Two HTTP requests under CGI would be fine with the implementation
above. But under mod_perl, assuming you did a LoadModule hello_world at
server startup, abc.pl run after xyz.pl would fail.

So, each new use of a tree for templating has to reparse the HTML template so
that the tree can be manipulated destructively.

I had wanted to create a templating solution and not think about
CGI/mod_perl until later. In fact, it wasnt CGI/mod_perl that led to
the above realization. I wrote all the tests for the highlander idiom
in the same .t file. So, after the first test worked. I created
another object for the 2nd test.
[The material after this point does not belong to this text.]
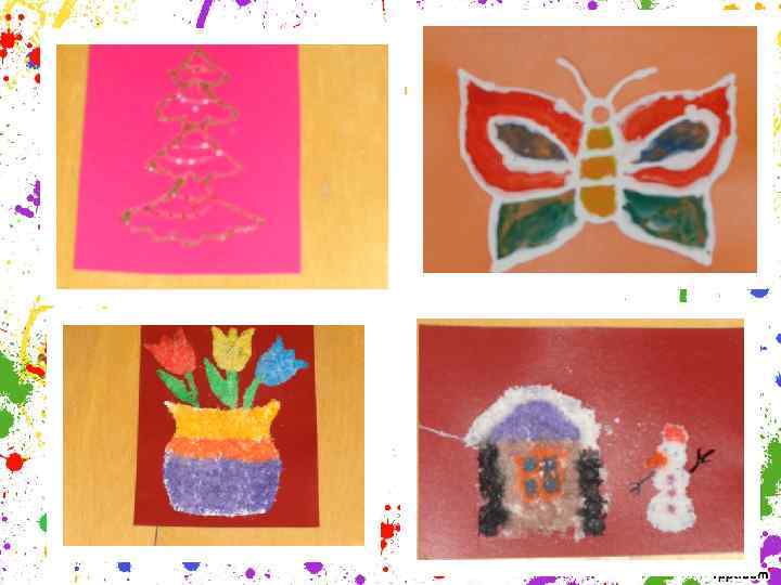 Задачи: • Дать представление детям о различных видах изобразительной деятельн ости, многообразии художественных материалов (рисование с помощью соли), • развивать художественный вкус, фантазию, желание экспериментировать в своей работе, • развивать мелкую моторику, • воспитывать аккуратность, трудолюбие, целеустремленность.

But, the first test had detached all
the subtrees other than the one that met the condition, so the 2nd
test failed because tree module was returning the same tree for the
new object.

All of the below is more succinct now, but just notice the detach
calls to see what I mean about needing a new tree for each test:



Hello, does your mother know you're
using her AOL account?


Sorry, you're not old enough to enter
(and too dumb to lie about your age)


Welcome



sub age_handler {
my ($tree, $age) = @_;
my $SPAN = $tree->look_down('id', 'age_handler');
if ($age < 10) {
$SPAN->look_down('id', $_)->detach for qw(under18 welcome);
} elsif ($age < 18) {
$SPAN->look_down('id', $_)->detach for qw(under10 welcome);
} else {
$SPAN->look_down('id', $_)->detach for qw(under10 under18);
}

}

my $o1 = tree_test->new;
$o1->age_handler(10);
# then test tree

my $o2 = tree_test->new;
$o2->age_handler(100000);
# then test tree... oh no!

--
Carter's Compass: I know I'm on the right track when,
by deleting something, I'm adding functionality.